Online environmentally adaptive trajectory planning for rotorcraft unmanned aerial vehicles

Purpose: This paper aims to propose an environmentally adaptive trajectory planning system considering the dynamic characteristics of unmanned aerial vehicles (UAVs) and the distance between obstacles and the UAV. The system generates a smooth and safe flight trajectory online. Design/methodology/approach: First, the hybrid A* search method considering the dynamic characteristics of the quadrotor is used to find the collision-free initial trajectory. Then, environmentally adaptive velocity cost is designed for environment-adaptive trajectory optimization using environmental gradient data. The proposed method adaptively adjusts the autonomous flight speed of the UAV. Finally, the initial trajectory is applied to the multi-layered optimization framework to make it smooth and dynamically viable. Findings: The feasibility of the designed system is validated by online flight experiments, which are in unknown, complex situations.
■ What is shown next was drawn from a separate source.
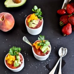 You know I’m all about trashing up the classics, and this one – topped with creamy avocado chunks, lots of salt, fresh peaches and a bunch of cilantro (don’t be a hater) – is one of my current favorites. I don’t think I can call it soup… but we’ll see how this relationship progresses.

Practical implications: The proposed trajectory planning system is integrated into a vision-based quadrotor platform. It is easily implementable onboard and computationally efficient. Originality/value: A hybrid A* path searching method is proposed to generate feasible motion primitives by dispersing the input space uniformly. The proposed method considers the control input of the UAV and the search time as the heuristic cost. Therefore, the proposed method can provide an initial path with the minimum flying time and energy loss that benefits trajectory optimization. The environmentally adaptive velocity cost is proposed to adaptively adjust the flight speed of the UAV using the distance between obstacles and the UAV. Furthermore, a multi-layered environmentally adaptive trajectory optimization framework is proposed to generate a smooth and safe trajectory.